Paper long abstract:
Homelessness (üisüzdük) was an issue that sprung dramatically into public discourse in perestroika-era Frunze, the capital of the Kyrgyz Soviet Socialist Republic. The first non-official organization to be registered in the republic, ashar (denoting mutual help or solidarity) was a movement of autonomous house-builders (samostroishchiki) who, in the spring of 1989, began to seize land around the edge of Frunze to demarcate plots for individual house construction. The vast majority of these samostroishchiki were young, Kyrgyz-speaking men and women who worked in the capital city unregistered. Many had spent years living and raising children in barracks, outhouses, or gender-segregated dormitories, unable to receive the urban registration (propiska) that would entitle them to join the queue for urban housing in what was, by the late 1980s, a majority Russian city.

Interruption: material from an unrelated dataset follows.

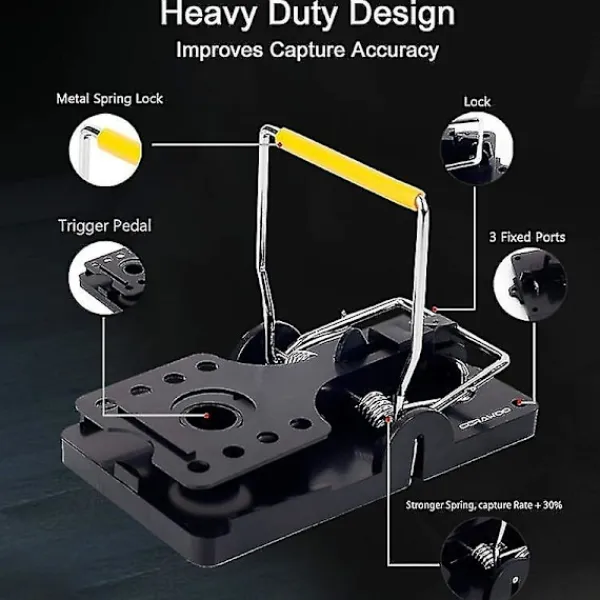 Högre fångsthastighet Vår råttfälla har inbyggda tjocka och känsliga fjädrar som är mer effektiva och mer känsliga än traditionell råttfälla. Större storlek och tjockare fjäder, högre känslighet, 30 % ökning i fångsthastighet Förbättrad stor design Till skillnad från de små små fällorna är den svarta stora fällan 14 cm lång och 7,5 cm bred, vilket gör den till den mest populära på marknaden. Största råttfällan. Oavsett om det är en mus, en råtta eller en sork kan han lätt fånga dem. Lätt att använda och mångsidig. Vår humaniserade råttfälla är lätt att använda, så länge du lägger betet i attraktionskoppen och låser metallstången i baksätet. Det är allt. Placera sedan råttmördaren nära hörnet och vänta på att råttan ska fångas. Musfällan kan placeras på flera ställen både inomhus och utomhus Lätt att rengöra och återanvändbar Gnagarfällan är lätt att rengöra, tvätta bara fällan med vatten och torka den. Som sådana kan de återanvändas för flera fångster under hela säsongen, kostnadseffektivt och spara pengar. Miljövänlig och kvalitetssäkring Vår nya och förbättrade råttfälla är bättre än råttfälla i trä, elektrisk råttfälla, klibbiga dynor, gnagaravvisande medel.

Ashar was quickly labelled a ‘nationalist’ organization by the Soviet authorities: a characterization that has inflected the still-limited portrayals of the movement in anglophone scholarly literature. Dismissed by central newspapers as ‘land-grabbers’ or ‘squatters’, a closer analysis of the ashar movement reveals a complex initiative to visibilise and politicise the right to a home in a context where homelessness was deemed not to exist. Drawing on extensive Kyrgyz-language sources, including newspapers, pamphlets, memoirs and oral histories, this paper reveals the case of an (ultimately successful) claim to be seen by the late Soviet state and a right to a home: a movement, the legacy of which is still felt in the growth of unregistered settlements around contemporary Bishkek.
Paper short abstract:
The paper deals with socialist housing policy and post-socialist transformation and privatization from the specific perspective of a marginalized group of Roma. It traces (dis)continuities of the exclusion of the Roma as a special ethno-social group for whom housing appears to be crucial.
Paper long abstract:
In my contribution, I would like to look at (post-)socialist housing in Czechoslovakia and later in the Czech Republic from the perspective of a marginalized group of Roma. In doing so, I draw on detailed historical and field research of the town of Most located in one of the most important socialist mining region in the Northern Bohemia, and the adjacent Chanov panel housing estate, which was built in the late 1970s mainly for Romani residents. Until then, they had been concentrated in the centre of the old town, which was gradually being liquidated due to lignite mining. In the specific field of socialist housing policy, the Roma may represent a special chapter, and it is relevant to ask to what extent the egalitarian socialist regime ensured equal access to housing for all groups. In their case, how did it fulfil the promise of the right to use the flat as a measure of privatism replacing private ownership. The Chanov housing estate, gradually referred to as a ghetto, is an extreme case of the socialist state's more general approach to the Roma as an ethno-social group that requires special treatment and access, despite its ideological proclamations. The process of transformation and privatization in the early 1990s also affected the then already relatively devastated Chanov, not at the level of individual apartments, but at the level of privatization of public space and services. This was also linked to the resignation to municipal and housing administration, the roots of which can be traced back to the socialist period. The post-socialist transformation of urban settlements with a high proportion of the Romani population began to create a sphere around which more general socio-economic trends were reflected, but in a somewhat different way. Housing remains, as under socialism, the sphere in which differences between the majority society and the Roma minority are created and reproduced.